Resilience of law signifies inherent safeguards against human errors and not the weakness of law, a Delhi court observed on Thursday while addressing concerns over the efficacy of the Rule of Law due to the considerable time consumed by the judiciary in the Nirbhaya gang-rape and murder case.
While dismissing a plea filed by three of the four death-row convicts seeking a stay on their execution, Additional Sessions Judge Dharmender Rana said: "When would the convicts meet the Creator for their eternal penitence? The issue has been pestering the conscience of the community for past some time. The time consumed by the process of law has even led some diffident voices to timorously question the very efficacy of 'Rule of Law'.
"Let me inform all the suspecting souls that in this great land of Gautam Buddha and Gandhi, Rule of Law and not impetuous mob mentality, decides the fate of even the most wretched criminals and most abominable crimes. The resilience of law signifies the inherent safeguards against human errors and not the weakness of law".
The convicts tried to delay the hanging by resorting to all kinds of tactics but in vain as the court on Thursday cleared the decks for Friday's hanging by dismissing the plea as no valid ground was brought to its notice to justify the stay of execution of death warrants.

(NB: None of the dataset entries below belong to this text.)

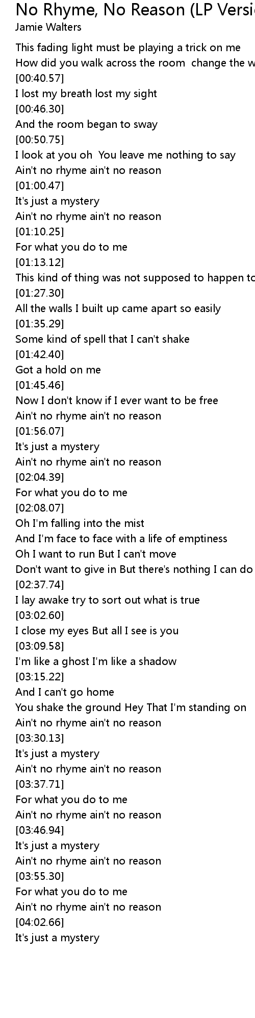 Ain't no rhyme ain't no reason |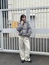 ブルー系のパステルカラーのアイテムを使って冬コーデ❄️ 花柄のダウンはゆとりのあるショート丈でバランス良く着こなせます。 着用 : 172cm 38号 PR assistant : MIREI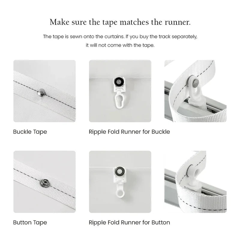 - Compatible systems: curtain tracks, traverse rods, channel rods
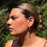 Arracades/criolles de plata polida o ennegrida en forma de ” C ” de fil amb textura de craters, d’uns 1.4cm de diametre interior.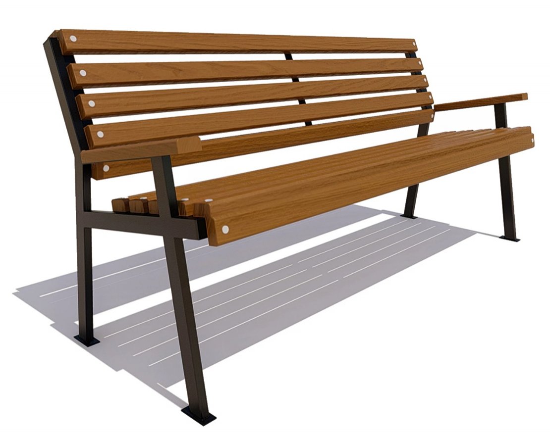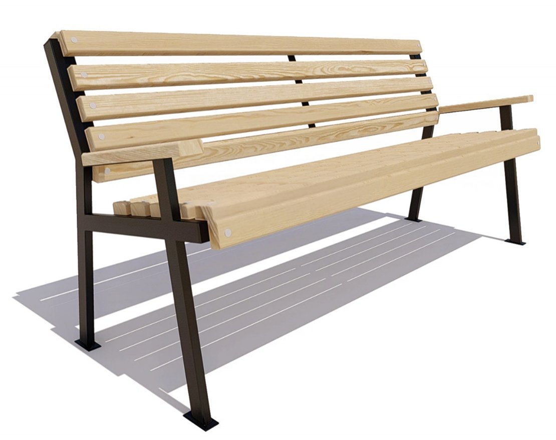 Каркас выполнен из стального профиля. Покрыт порошковой полимерной краской. Стандартный цвет по умолчанию – черный муар. Возможность выбора цвета по шкале RAL. Сиденье и спинка: Брус из хвойных пород древесины, обработан экологичными инновационными лакокрасочными материалами, что подтверждает Свидетельство ЕвАзЭС. Стандартный цвет по умолчанию – палисандр. Возможность выбора цвета из палитры. Тип крепления: анкерный.

On March 5, a trial court issued fresh death warrants for 5.30 am on March 20 for the execution of convicts Mukesh Singh (32), Pawan Gupta (25), Vinay Sharma (26) and Akshay Kumar Singh (31).
The warrants, which were issued for the first time on January 7, have been deferred four times earlier on the ground that they were yet to exhaust all the legal remedies.
A 23-year-old physiotherapy intern, who came to be known as 'Nirbhaya' (fearless), was gang raped and savagely assaulted in a moving bus in south Delhi on December 16, 2012. She died after a fortnight.
Six people, including the four convicts and a juvenile, were named as accused. Ram Singh, the sixth accused, allegedly committed suicide in the Tihar Jail days after the trial began in the case.
The juvenile was released in 2015 after spending three years in a correctional home.